Хотя что родители, я и сам в те траурные дни проявил себя с довольно гнусной стороны. Когда пришлось выбирать, отдавать свою единственную жизнь за Сталина или нет, чтобы мертвый он моей жизнью ожил, а я его смертью умер, чего там крутить, не очень-то мне это понравилось. И потому измена Берии пришлась очень кстати. Очень! На фоне шпионства такого крупняка я выглядел совершенным голубем мира. Все-таки моя тихая измена делу Ленина-Сталина не нанесла народу никакого вреда, она вся происходила внутри одного меня. Да, это была моя страшная тайна, но только не такая, как государственная, которая всегда тайна государства от нас, а моя тайна – тайна от государства. Да. На фоне Берии я еще как-то смотрелся. В те дни откуда-то появилась лихая частушка:
Берия, Берия
Вышел из доверия,
А товарищ Маленков
Надавал ему пинков.
Если бы я умел размышлять, я бы задумался, откуда вдруг взялся сам товарищ Маленков, про которого раньше даже и слышно не было? Но, видно, действительно был хороший человек, если такое дело сделал! Я, конечно, был по уши виноват. И вот в такой момент, когда я уже захлебывался переполнявшей меня виной, расшифровали такого крупного, глубоко окопавшегося врага! Дышать сразу стало легче.

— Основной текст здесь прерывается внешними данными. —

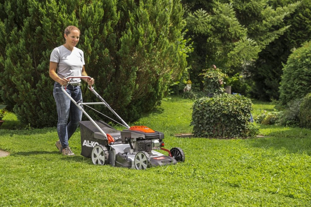 Komfort při práci se sekačkou je zajištěn jednorychlostním pohonem kol nebo ergonomicky tvarovaným držadlem. Funkce 4v1 umožňuje posečení trávy, sběr do koše, mulčování a boční výhoz.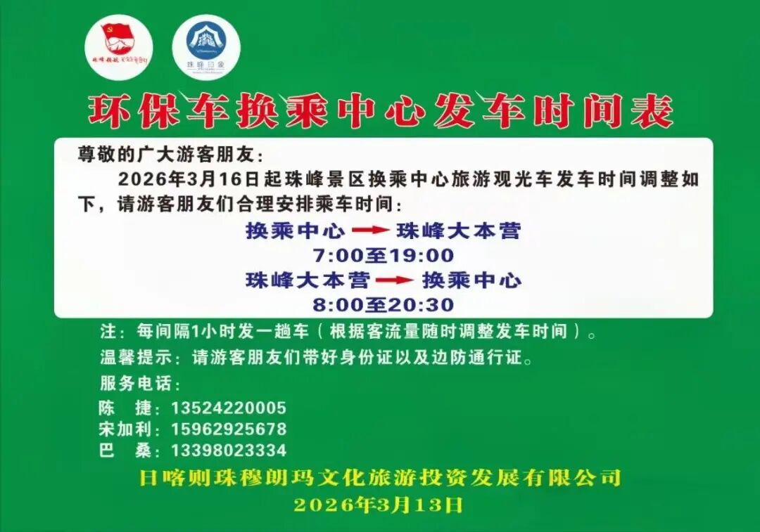 第八轮“冬游西藏”市场促进活动于2026年3月15日结束,珠峰景区于2026年3月16日00:00恢复正常收费,请游客朋友们提前做好安排。珠峰景区价格公示及旅游观光车发车时间表如下。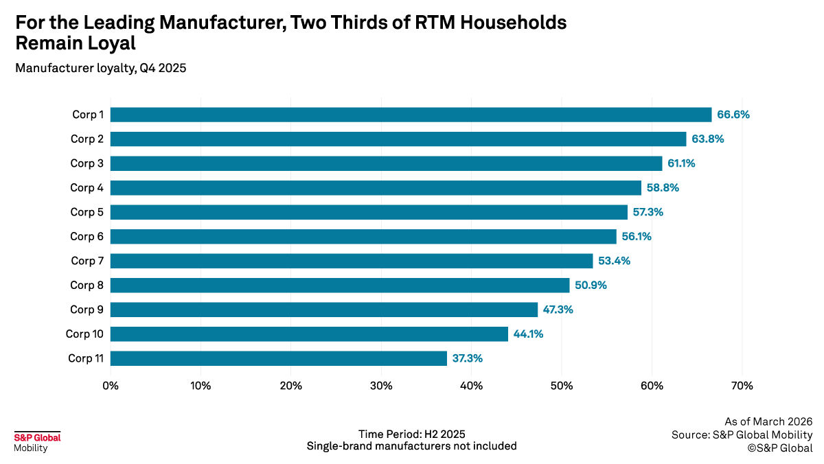 Manufacturer loyalty varies significantly across the 11 largest multi-brand manufacturers, from a high of 66.6% down to 37.3%. That is almost a two-to-one spread and represents vastly different conquest exposure and defensive requirements.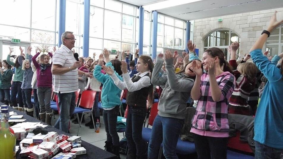 Lebhaft klatschen die Fünftklässer in der Aula des Herder-Gymnasiums eine flotte Melodie mit. In ihrer Mitte agiert ein älterer Mann: Dieter Breivogel aus Kulmbach. 30 Jahre war er Hausmeister in einer Schule, wie er später erzählt. "Und da kannte ich die Probleme aller Kinder", sagt er und kündigt das traurige Lied von "Wolke" an. So nennt er einen dieser Schüler, der nach einer Drogenkarriere im Alter von 23 Jahren von einem Hochhaus sprang. Ein Schicksal, vor dem Breivogel seit 2005 junge Menschen bewahren möchte.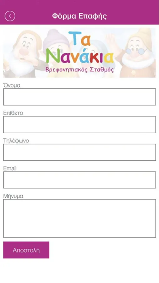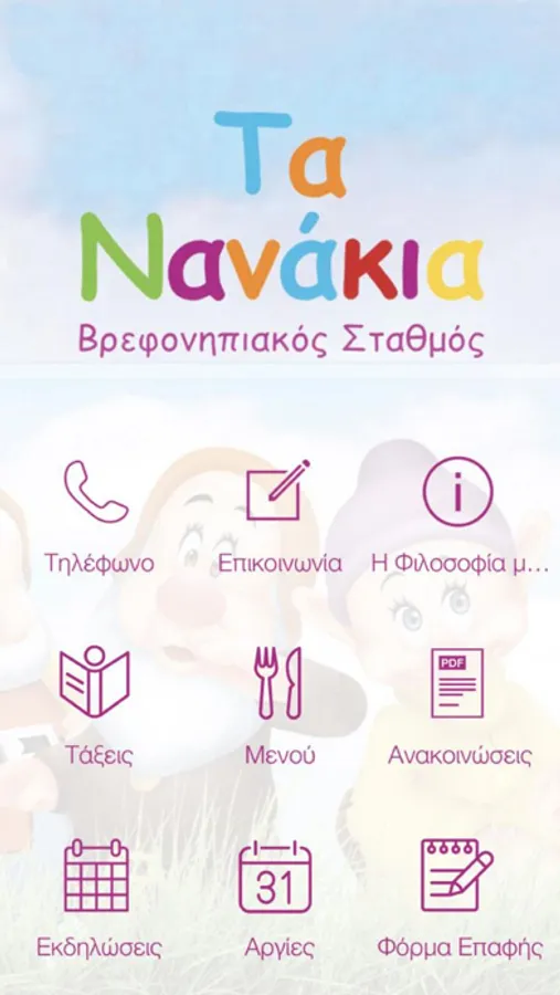 Αγαπητοί μας γονείς, Καλώς ήρθατε στην εφαρμογή του Βρεφονηπιακού μας Σταθμού "Τα Νανάκια". Με την εφαρμογή μας θα μπορείτε μέσω των κινητών σας τηλεφώνων, να ενημερώνεστε οποιαδήποτε στιγμή επιθυμείτε σχετικά με την Τάξη των παιδιών σας και γενικότερα για τα νέα του Σταθμού μας. Ευχαριστούμε για τη συνεργασία σας και σας ευχόμαστε όμορφες και αξέχαστες στιγμές στο σχολείο μας!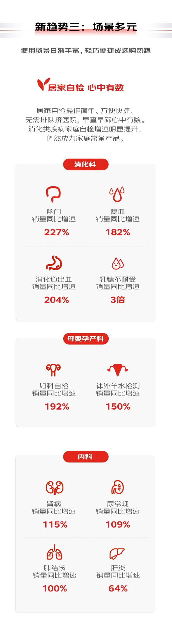 以居家場景為例,近年來居家自檢產(chǎn)品因其操作簡單、方便快捷的優(yōu)點(diǎn)快速發(fā)展。2022年,幽門桿菌、消化道出血、乳糖不耐受、孕產(chǎn)、婦科等自檢品類高速增長,乳糖不耐受自檢品類銷量同比增長3倍,幽門桿菌自檢品類銷量同比增速達(dá)227%。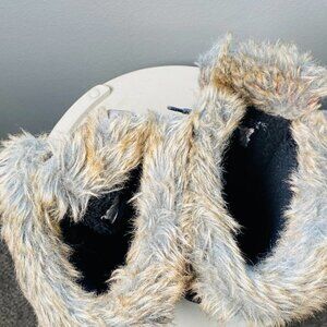 👢Light Grey Leather Upper W/ Faux Fur Trim & Inner Lining - Rubber Lowers For Protection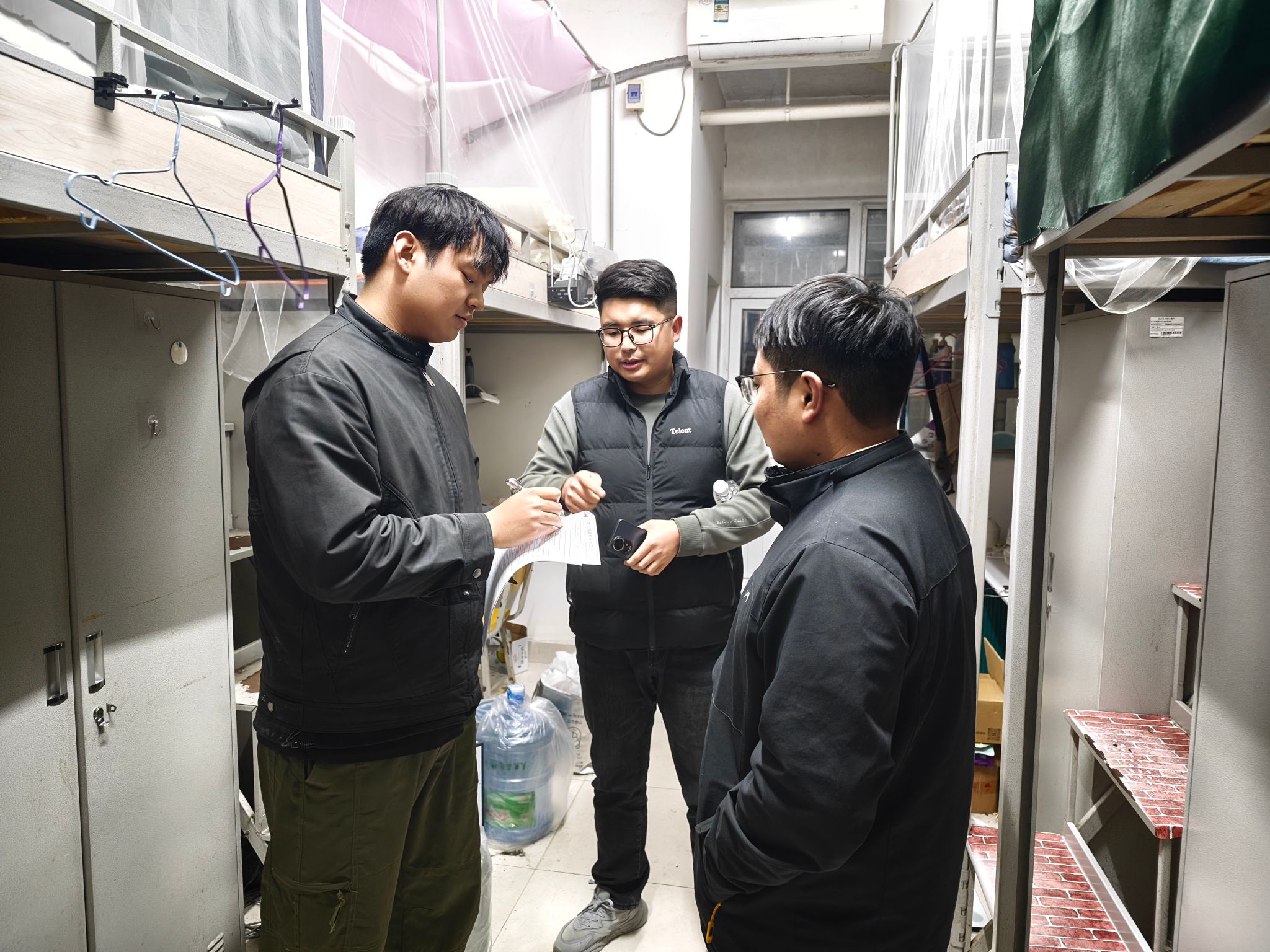3月2日晚,研究生辅导员林香亮带队,兼职辅导员吴宵洁、研究生会干部共同参与,深入研究生宿舍开展安全隐患排查工作。“宿舍成员都到齐了吗?大家返校路途都顺利不?新学期返校后学习和生活方面是否有困难呀?”推开宿舍门,林香亮用一句句暖心的问候瞬间拉近了师生距离。在逐一核对返校名单,确保返校状态后,林香亮与同学们暖心交流,了解大家本学期的学习计划,并重点叮嘱同学们要注意人身与财产安全,让同学们深切感受到公司的关心与重视。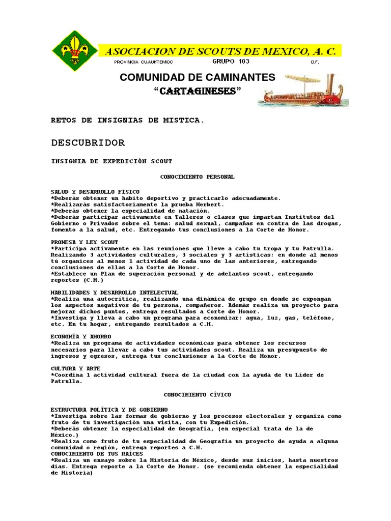 miembro nuevo de la expedicin o en su defecto a tu Lder de Patrulla.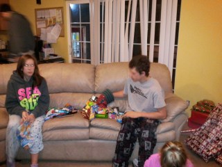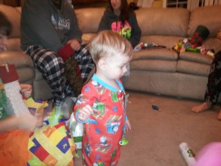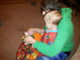 On Christmas morning Kimber, Ray and Ben arrived at 6 in the morning. They wanted to get to the Jessop’s house by 8am. Jon was calling. Kimber was the most excited. She came running in and turned on the Christmas music. Then she jumped on everyone and made them get up. One by one people filed into the family room to open stockings. There were many squeals of delight from Lillian. Everyone else was pretty stoic. Chad realized that there was plenty of time to open presents before Jon called. So the present opening commenced. Ben didn’t get it at first. Kimber had to help him. After he ripped open his first toy he got distracted with playing and she had to help him some more.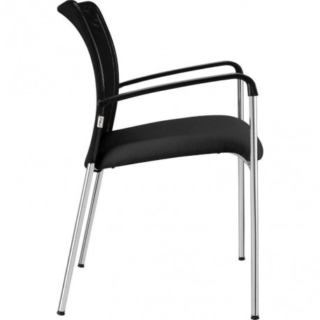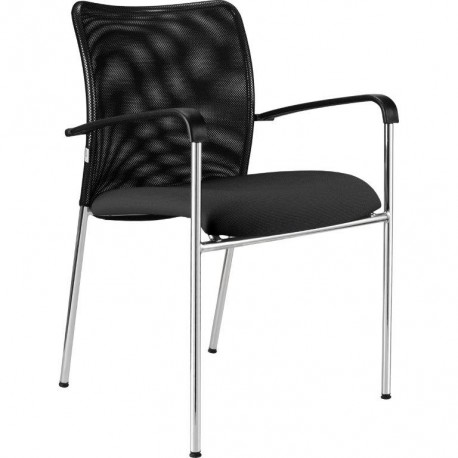 Moderní stohovatelná konferenční židle s područkami, se sedákem čalouněným v potahové látce Fill 9 (černá) a opěrákem opatřeným černou prodyšnou síťovinou. Kostra chromovaná
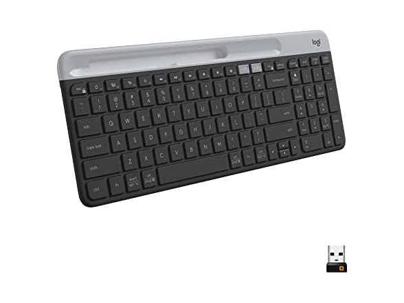 | Logitech K585 Multi-Device Slim Wireless Keyboard, Built-in Cradle for Device; for Laptop, Tablet, Desktop, Smartphone, Win/Mac- Graphite |

По радио говорили, что он долгие годы маскировался, скрывал свое подлинное лицо.
Враг – он никто. Его ордена и медали, должности и посты – одна фальшивка. Но поскольку до самого его разоблачения никто не знает, что он враг, то хорошие люди, в силу своей доверчивости, принимают и его ордена, и его должность – все его государственное значение за настоящие. И приказы его выполняют на самом деле, и уважают как заслуженного человека. Вот что он, гад, делает, он же все переворачивает и перепутывает, потому что потом оказывается, что зря потрачены настоящие чувства на такого гада и уважали его тоже зря. Заодно этот гад поднимает экономику, строит мосты и тоннели, гидроэлектростанции и элеваторы, варганит атомную бомбу… Но действительно настоящим оказывается только тот страшный вред, который он причинил стране. Неизвестно только, успел ли причинить этот страшный вред Берия или же вовремя был схвачен прямо за руку, во время сеанса радиосвязи? Прямо как был – в подштанниках и наушниках… с дрожащей рукой на радиоключе. Отдерни он только вовремя руку – и все, ходи потом доказывай, враг – не враг? А такие в общем-то не плохие ребята, вроде меня, должны из-за всех этих сложностей омрачать свое счастливое детство. Потому что никто не может быть счастлив, если он в чем-то виноват. Да, я должен был отдать жизнь за Сталина, но как? Это ж надо делать с умом, так, чтобы его это оживило. Иначе пропадет всякий смысл. Если рядом с мертвым Сталиным ляжет бессмысленно умерший, такой хороший, так любящий маму и папу, и сестричку, и братишку, и девочку Леру с восьмого этажа и уже так бегло читающий мальчик, – то что в этом толку?..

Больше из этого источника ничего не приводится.